CSI provisioner logs reveal failure to list the CVORs due to API server timeout. For example:
[YYYY-MM-DDTHH:MM:SS]\\\",\\\"caller\\\":\\\"cnsvolumeoperationrequest/cnsvolumeoperationrequest.go:328\\\",\\\"msg\\\":\\\"failed to list CnsVolumeOperationRequests with error the server was unable to return a response in the time allotted, but may still be processing the request (get cnsvolumeoperationrequests.cns.vmware.com).
kubectl get cnsvolumeoperationrequests.cns.vmware.com -n vmware-system-csivSphere CSI Driver
The root cause of this issue lies in the CSI controller’s behavior during restarts. When the CSI controller restarts, it inadvertently resets the internal cleanup timer for stale CnsVolumeOperationRequest instances. The default cleanup interval is 1440 minutes (24 hours), meaning the system defers resource purging for an entire day, even after a successful volume operation has completed.

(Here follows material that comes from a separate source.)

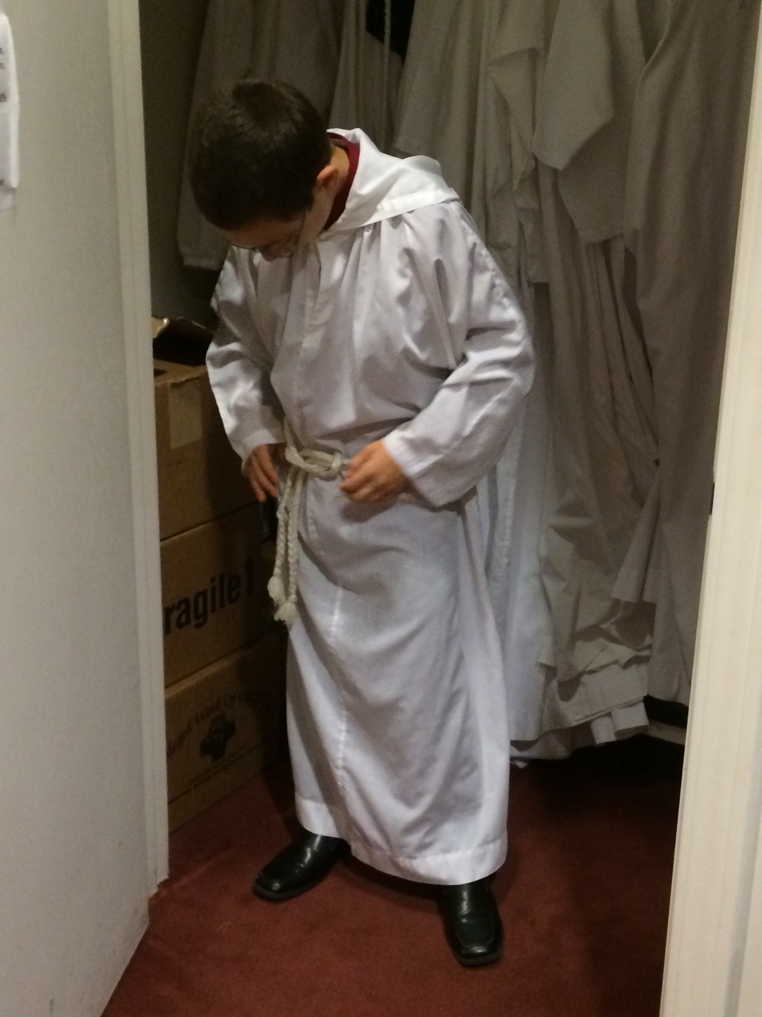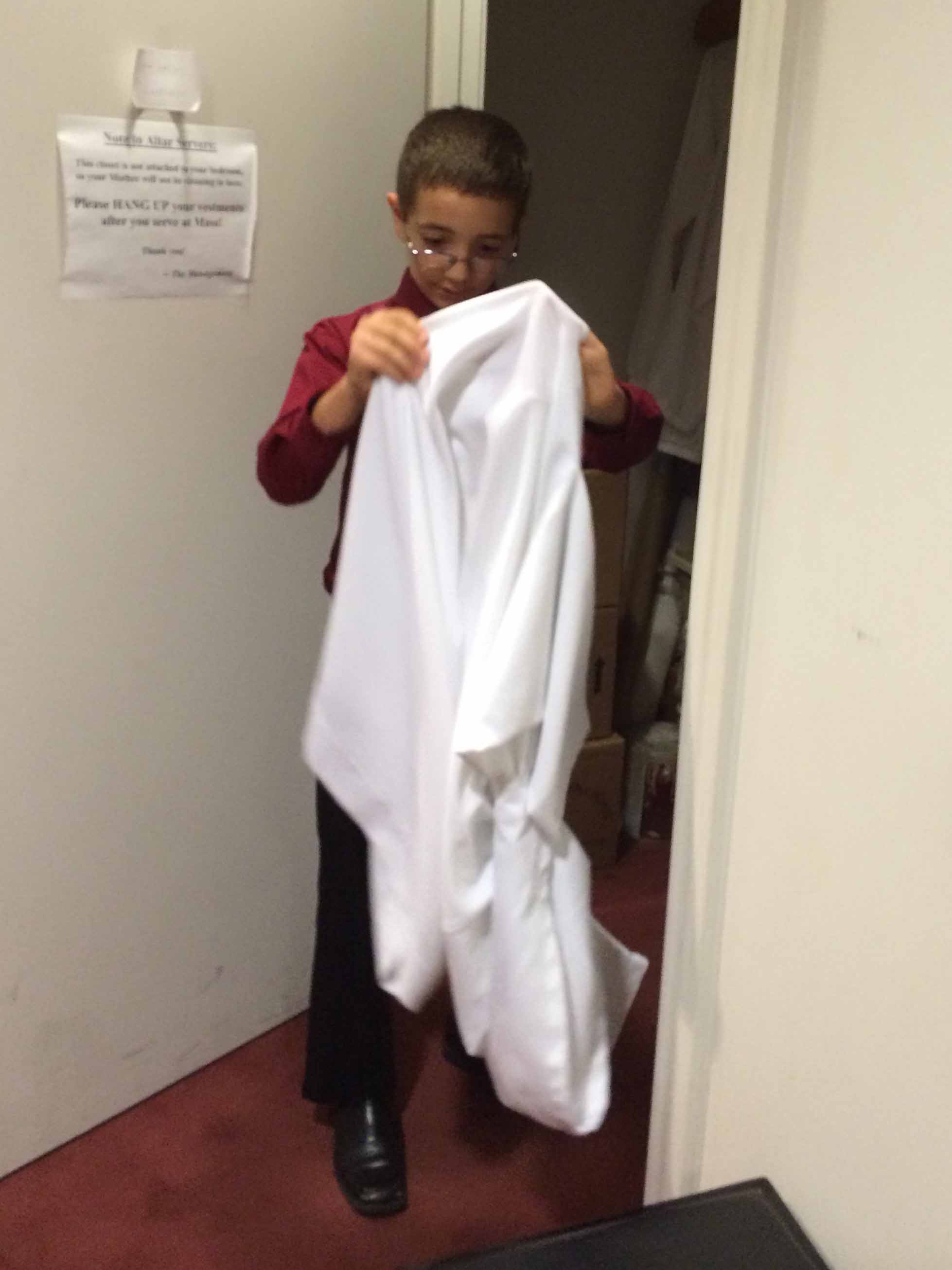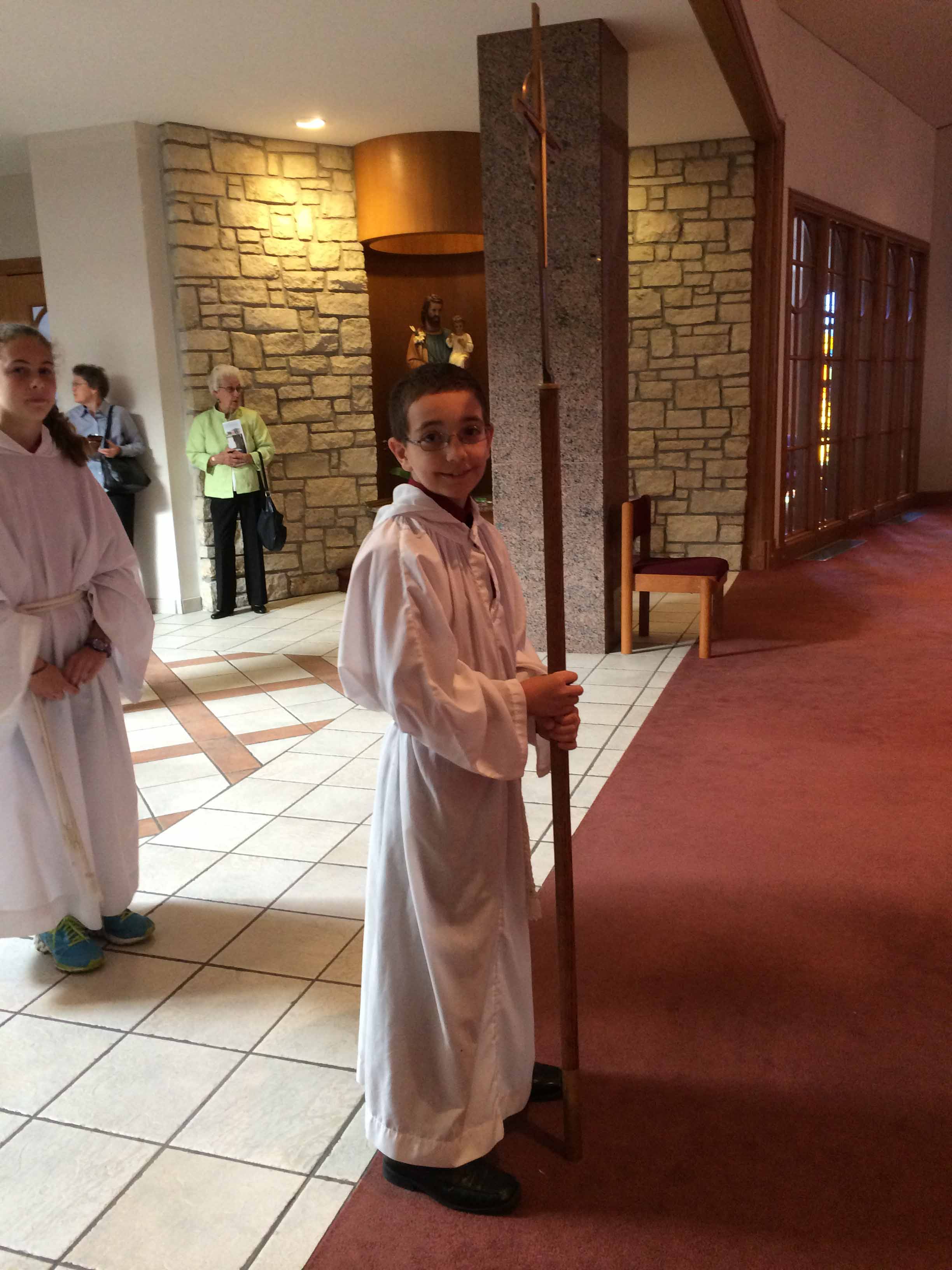 Wow, brand new altar boy and he got to carry the cross. Parishes we’ve been in always reserve that for the older more experienced boys. You have a lucky son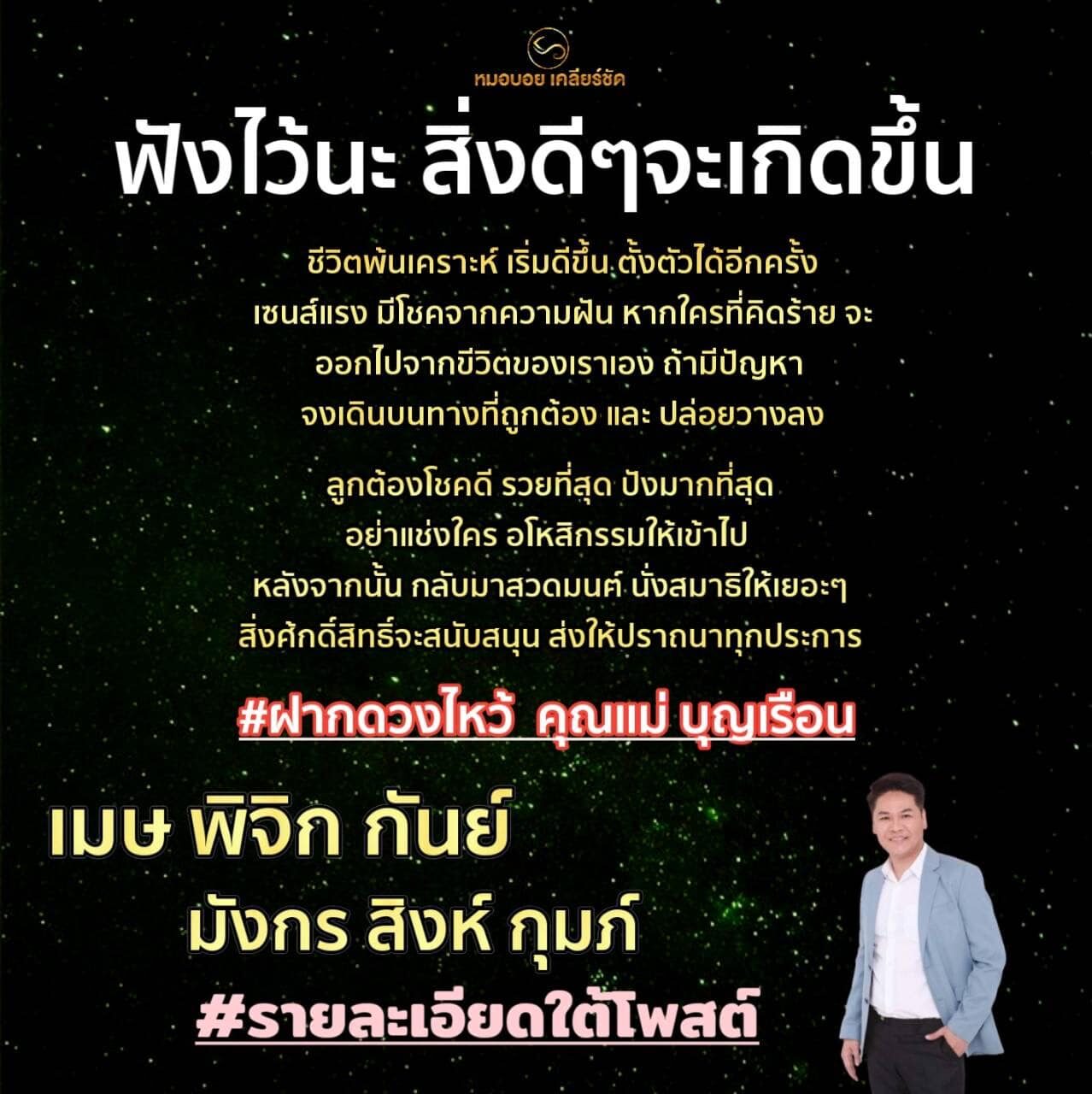 หมอบอย เคลียร์ชัด เผยถึงดวงชะตาที่สิ่งดีๆ จะเกิดขึ้น ชีวิตพ้นเคราะห์ เริ่มดีขึ้น ตั้งตัวได้อีกครั้ง มีโชคจากความฝัน หากใครที่คิดร้ายจะออกไปจากชีวิตของเราเอง ถ้ามีปัญหาจงเดินบนทางที่ถูกต้อง และปล่อยวางลง

Broadcom engineering is aware of the issue and is working on a permanent fix to be included in future CSI driver releases. In the meantime, the following step by step cleanup instructions can be used as a workaround to safely delete successfully completed CVOR resources and alleviate the load.
Step 1: Scale Down the vSphere CSI Driver.
To ensure no new cnsvolumeoperationrequests are generated during the cleanup, scale down the CSI driver deployment
kubectl scale deployment vsphere-csi-controller -n vmware-system-csi --replicas=0
Step 2: Identify Completed CNSVolumeOperationRequests.
kubectl get cnsvolumeoperationrequests.cns.vmware.com -n vmware-system-csi -o jsonpath='{range .items[?(@.status.latestOperationDetails[0].taskStatus=="Success")]}{.metadata.name}{"\n"}{end}'
Example Output:pvc-xxxxxxxxx-xxxx-xxxx-xxxx-xxxxxxxxxx
Step 3: Delete Completed Requests.
You can delete these manually using.
kubectl delete cnsvolumeoperationrequests.cns.vmware.com <request-name> -n vmware-system-csi
OR
Use the following command to automate the deletion of all requests with status "Success".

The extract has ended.